Expone sin artificios la vulnerabilidad que lo acompaña desde el día que le dijeron “tu madre tiene cáncer”. El periodista y escritor Máximo Huerta (Utiel, Valencia, 1971) se dio a conocer para el gran público en Informativos Telecinco, fue ministro fugaz de Cultura y Deporte, se desenamoró de la televisión, regresó a su pueblo y abrió una librería.

El día que entrevisto a Máximo (por favor, olvídense ya de Màxim, más adelante les explica él mismo por qué) anda liado terminando su última novela, preparando las vacaciones de su equipo en La librería de Doña Leo de Buñol (Valencia), ordenando pedidos, estudiando novedades y descartando aquello que no ha gustado a sus clientes. Todo ello con un ojo siempre pendiente de su madre.

Reconoce el daño que le causó el “ninguneo” del Gobierno de Pedro Sánchez tras su dimisión (a los siete días de su nombramiento dejó la cartera debido a una práctica fiscal legal que Hacienda reinterpretó después como infracción) y ahora ve desde la distancia cómo sus excompañeros de gabinete se agarran a la tabla de un barco que se hunde cual supervivientes, ilustra, mientras la orquesta sigue tocando.

Alejado ya de todo aquello, aunque sin haber podido olvidar la “humillación” que sintió, me habla de su primer amor, de la incomprensión en su infancia y de por qué en su feed de Instagram abundan casas parisinas. Y explica también por qué no quiere que la gente siga llamándole Màxim cuando su nombre es, simplemente, Máximo.

¿Cuándo fue la primera vez que se sintió comprendido?

Mi primer amor fue Madrid. Como nadie es de allí parece una fiesta de cumpleaños en la que todo el mundo está invitado, como en El Gran Gatsby. Me enamoré de la ciudad, de la noche, de cierta libertad, de salir, de agotarme. No sé cómo tenía tanta energía.

¿En familia ha sentido alguna vez esa comprensión?

En familia nunca. Cuando mi padre estaba muy enfermo y yo le cuidaba nos llevábamos muy bien, pero le quedaban tres años de vida. A lo mejor tampoco él fue un hombre comprendido.

Da la impresión de ser una persona cuidadora de su entorno.

Mucho. Desde niño. He sido alguien muy pendiente de los demás.

¿Le ha lastrado volver al pueblo a cuidar a su madre y dejar atrás Madrid?

Claro, yo estaba muy bien y de pronto alguien encendió las luces y dijo «tu madre tiene un cáncer». Y la fiesta se acabó y nunca volverá, es imposible. Romantizar los cuidados y la vejez es terrorífico. Me sé todas las enfermedades: Alzheimer, demencia, artritis… mi madre tampoco ve apenas y tiene dificultades de movilidad, son mil cosas. Vivo en una alerta constante hasta para estar este rato aquí contigo. Vivo con una alarma de Chernobyl permanente, pero sé que cuando no esté esa alarma… lo otro es inamovible.

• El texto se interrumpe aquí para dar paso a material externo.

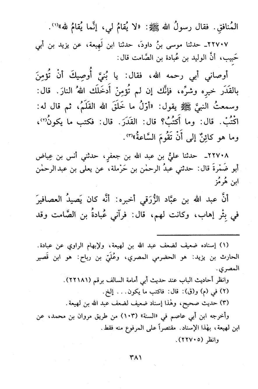 ٢٢٧٠٧ - حَدَّثَنَا مُوسَى بْنُ دَاوُدَ، حَدَّثَنَا ابْنُ لَهِيعَةَ، عَنْ يَزِيدَ بْنِ أَبِي حَبِيبٍ، أَنَّ الْوَلِيدَ بْنَ عُبَادَةَ بْنِ الصَّامِتِ قَالَ: أَوْصَانِي أَبِي رَحِمَهُ اللهُ فَقَالَ: يَا بُنَيَّ أُوصِيكَ أَنْ تُؤْمِنَ بِالْقَدَرِ خَيْرِهِ وَشَرِّهِ؛ فَإِنَّكَ إِنْ لَمْ تُؤْمِنْ أَدْخَلَكَ اللهُ النَّارَ قَالَ: وَسَمِعْتُ النَّبِيَّ صَلَّى اللهُ عَلَيْهِ وَسَلَّمَ يَقُولُ: " أَوَّلُ مَا خَلَقَ اللهُ الْقَلَمُ، ثُمَّ قَالَ لَهُ: اكْتُبْ. قَالَ: وَمَا أَكْتُبُ؟ قَالَ: الْقَدَرُ قَالَ: فَكَتَبَ مَا يَكُونُ (٢) وَمَا هُوَ كَائِنٌ إِلَى أَنْ تَقُومَ السَّاعَةُ " (٣)

Entonces te debates entre algo doloroso y algo terrible. Yo me he aclimatado al pueblo, estoy genial con mis amigos, pero cuidar es agotador.

¿Qué nota que le aporta a ella su presencia?

A ella le relaja que yo esté. Pero yo también tengo que irme. De hecho, ahora tengo una colaboración en Madrid que escogí para tener un día y medio de oxígeno. Porque mi madre me necesita y yo tengo que volver cargado. Soy su ancla, aunque no me reconozca todo el rato, aunque me hable como yo si fuera su hermano o me pregunte por mí, que es muy duro.

¿Se ves en Buñol como destino final o se replantea volver a París o a Madrid?

A veces sueño para escapar. El eje no será Madrid, sino París y Buñol como lugar de arraigo. En París estoy buscando otra vez alquiler. De hecho, en el feed de Instagram solo aparecen casas.

¿La felicidad se parece a una certeza tranquila o a un gran momento de la vida?

La felicidad es la tranquilidad, la ausencia de problemas. Me dirás: ahora, ¿estás feliz? No, porque estoy en alerta constante: cuidar es agotador. Pero los momentos de tranquilidad se me olvida y se parecen a la felicidad.